Two teams that have their share of brawls, scuffles, donnybrooks and melees decided to take the gloves off for once and stand beside one another, rather than face off.

Baseball fans need to savor that flavor, because it sure as heck won't happen again anytime soon.

That is, unless, something bad happens again. So in that regard, I hope I never see that stinkin' sign again.

Moving on to something with a little lighter tone, I finally got to see both Madras and Culver track teams perform Saturday at the La Pine Invitational, and it was nice, minus the sunburn I got. Turns out the higher in elevation you go, you can get a sunburn when it's barely 60 degrees out. My arms hurt.

With the track in Madras in such bad shape, and my schedule not allowing me to get out to the midweek meet in Culver a couple weeks ago, I had been relying on the website, www.athletic.net, and occasional phone conversations to shape my view on area track and field.

While I was content with that for a little bit, I couldn't take it anymore. I had to go see it for myself, and I was pretty impressed.

Culver's girls track team will earn a medal at the state meet, at historic Hayward Field at the University of Oregon, in May. Mark my words. It's going to happen.

They have the state's best triple jumper, and apparently the top 100-meter dash runner as well, in senior Lori Sandy. She was sick, Culver coach Mike Dove said, for nearly the entire week leading up to the meet. Well, she just went ahead and won the 100 and triple jump. Michael Jordan played well when he was sick, too. I'm just saying.

But the team is more than just Sandy. With distance specialist Angelica Metteer, who looks like a gazelle when she strides during the 1,500, and middle distance dynamo freshman Hannah Lewis, among others, this is a solid team with a real shot at a state trophy.

If things go right, maybe it'll be a big blue one.

And Madras sophomore Brent Sullivan will win a state high jump championship by the time he graduates.

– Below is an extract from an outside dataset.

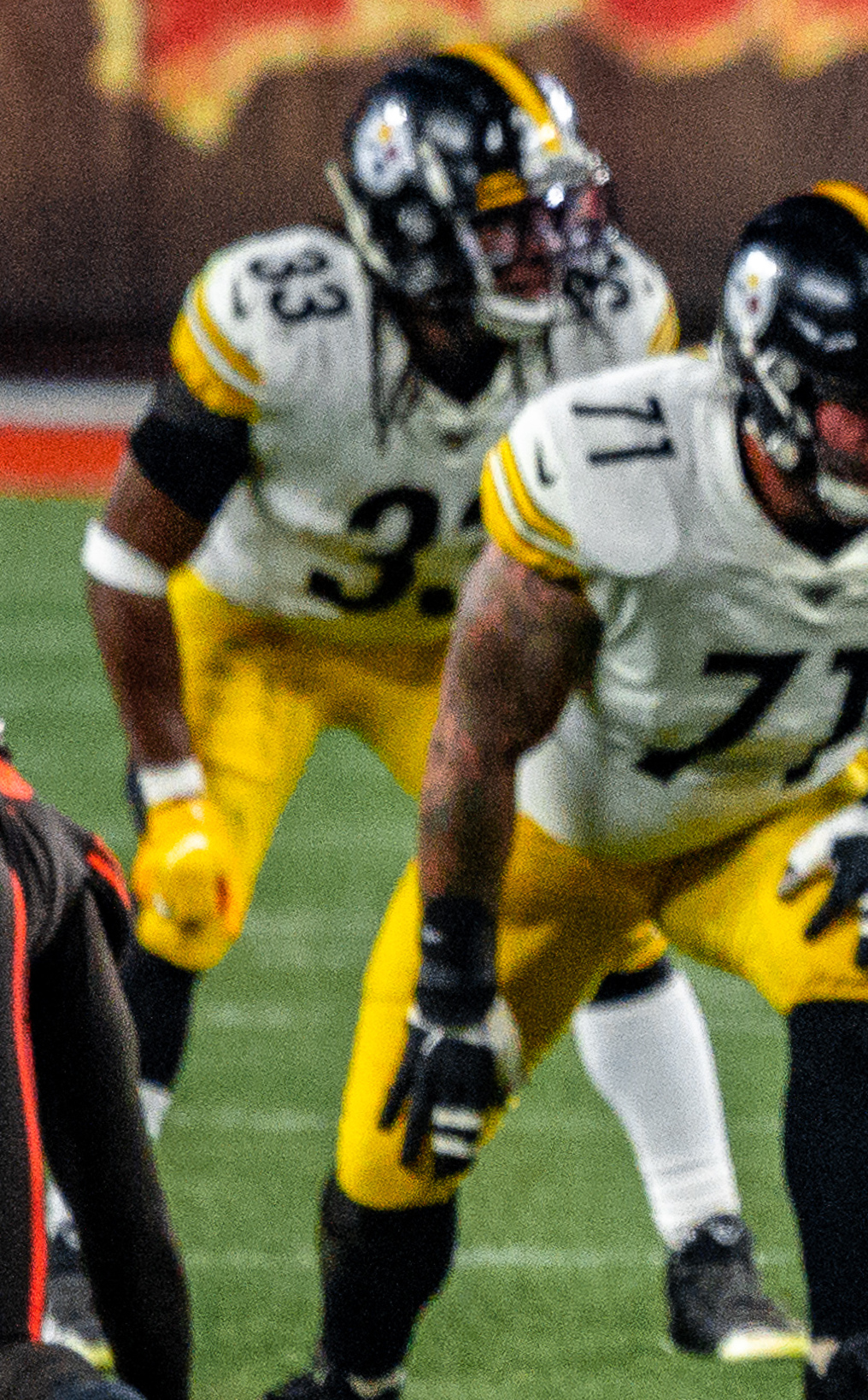 Steelers vs Browns 2019

There's another bold prediction for you.

If you haven't yet, because I know I haven't, go sign yourself up for some slow pitch softball at the Madras Aquatic Center. It'll be fun. You get to be out in the sun (wear sunscreen), and you get some exercise.

The deadline is April 29, so chop-chop and hustle up. That's what I'm telling myself, too.

You also get to see who is holding on to their glory days. Sometimes that's fun, and sometimes it's a little embarrassing.